What is required » Restate word for word the section of the entries that opens at the line containing "रेवाड़ी। पशु खेल" and closes at the line containing "みんな甲子園に出場した話をし", both lines kept, pictures dropped.
::::::::::
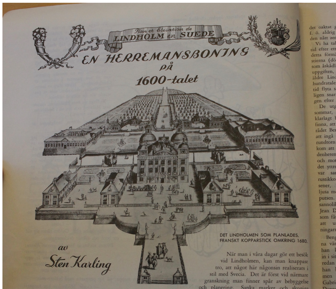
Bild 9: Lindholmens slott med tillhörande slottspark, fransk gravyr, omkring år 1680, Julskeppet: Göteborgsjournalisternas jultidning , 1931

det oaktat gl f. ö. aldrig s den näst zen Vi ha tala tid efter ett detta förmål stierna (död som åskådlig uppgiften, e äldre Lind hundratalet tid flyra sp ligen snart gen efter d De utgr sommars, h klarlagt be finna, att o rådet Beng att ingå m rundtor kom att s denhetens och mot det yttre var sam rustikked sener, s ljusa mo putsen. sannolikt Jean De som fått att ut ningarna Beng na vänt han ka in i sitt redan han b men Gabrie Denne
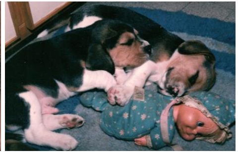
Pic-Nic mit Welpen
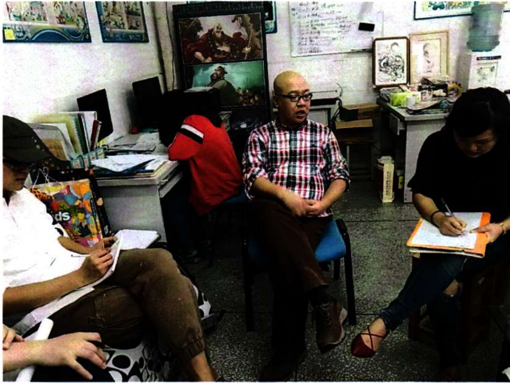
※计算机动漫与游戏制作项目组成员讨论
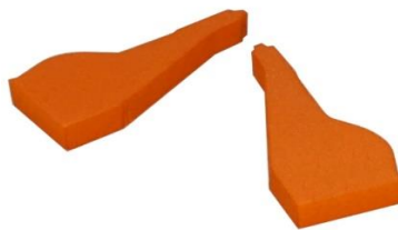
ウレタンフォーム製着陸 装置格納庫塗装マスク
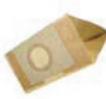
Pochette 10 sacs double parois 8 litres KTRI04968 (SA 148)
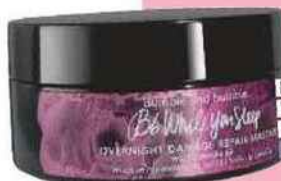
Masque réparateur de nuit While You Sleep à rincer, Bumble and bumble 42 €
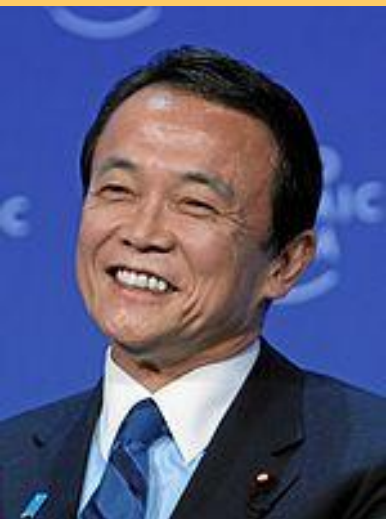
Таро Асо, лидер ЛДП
::::::::::
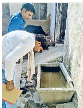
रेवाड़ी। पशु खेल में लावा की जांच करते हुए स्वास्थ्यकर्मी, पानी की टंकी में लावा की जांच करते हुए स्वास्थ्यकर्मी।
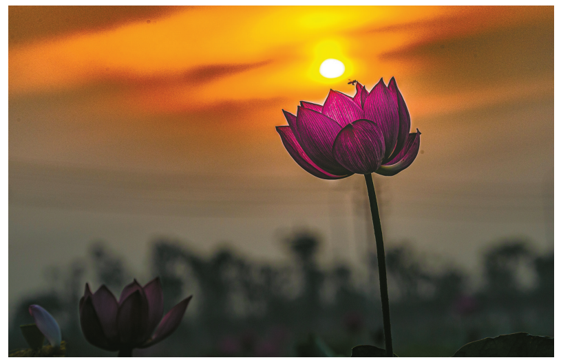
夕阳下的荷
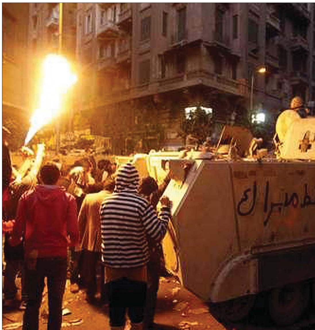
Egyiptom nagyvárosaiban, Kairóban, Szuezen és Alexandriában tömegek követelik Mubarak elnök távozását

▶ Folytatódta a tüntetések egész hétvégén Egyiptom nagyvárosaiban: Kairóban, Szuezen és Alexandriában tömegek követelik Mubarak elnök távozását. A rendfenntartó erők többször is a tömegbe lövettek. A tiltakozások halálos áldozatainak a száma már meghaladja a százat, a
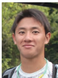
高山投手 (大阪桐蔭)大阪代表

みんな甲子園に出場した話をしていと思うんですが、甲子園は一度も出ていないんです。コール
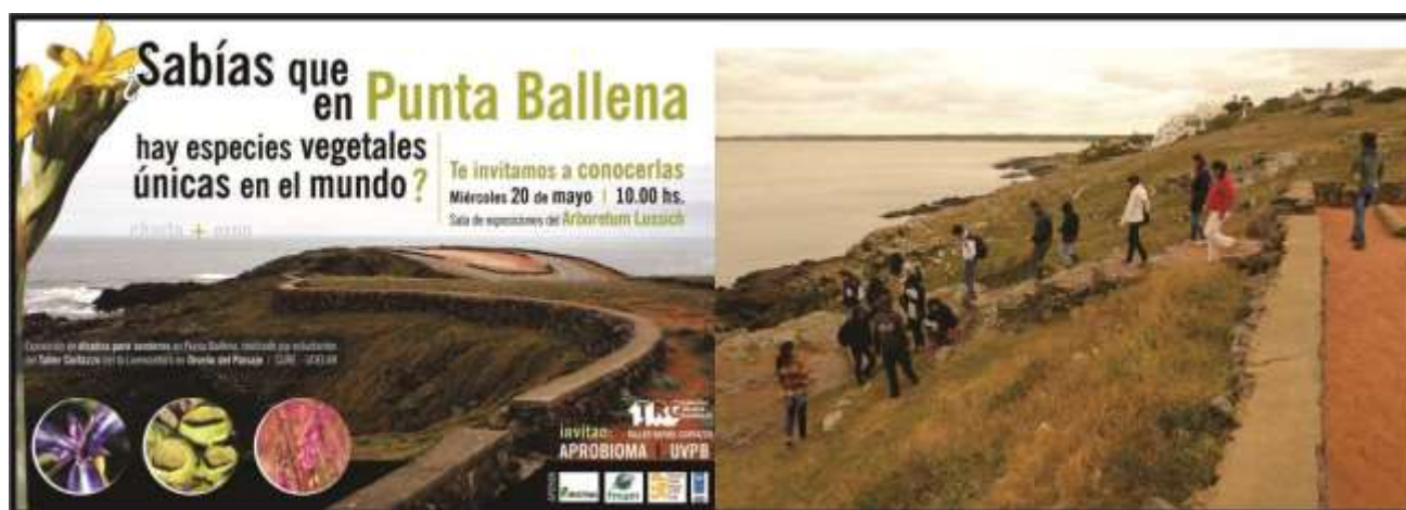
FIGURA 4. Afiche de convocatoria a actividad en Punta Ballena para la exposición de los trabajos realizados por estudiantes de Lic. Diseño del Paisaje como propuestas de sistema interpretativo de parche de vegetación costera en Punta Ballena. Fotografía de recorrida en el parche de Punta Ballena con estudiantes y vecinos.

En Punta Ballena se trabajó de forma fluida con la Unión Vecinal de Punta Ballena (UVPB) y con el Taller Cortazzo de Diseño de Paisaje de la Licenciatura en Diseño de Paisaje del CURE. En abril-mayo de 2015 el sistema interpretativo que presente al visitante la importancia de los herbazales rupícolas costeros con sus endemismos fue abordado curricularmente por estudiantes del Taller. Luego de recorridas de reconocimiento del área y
::::::::::
Written solution »
रेवाड़ी। पशु खेल में लावा की जांच करते हुए स्वास्थ्यकर्मी, पानी की टंकी में लावा की जांच करते हुए स्वास्थ्यकर्मी।
夕阳下的荷
Egyiptom nagyvárosaiban, Kairóban, Szuezen és Alexandriában tömegek követelik Mubarak elnök távozását

▶ Folytatódta a tüntetések egész hétvégén Egyiptom nagyvárosaiban: Kairóban, Szuezen és Alexandriában tömegek követelik Mubarak elnök távozását. A rendfenntartó erők többször is a tömegbe lövettek. A tiltakozások halálos áldozatainak a száma már meghaladja a százat, a
高山投手 (大阪桐蔭)大阪代表

みんな甲子園に出場した話をしていと思うんですが、甲子園は一度も出ていないんです。コール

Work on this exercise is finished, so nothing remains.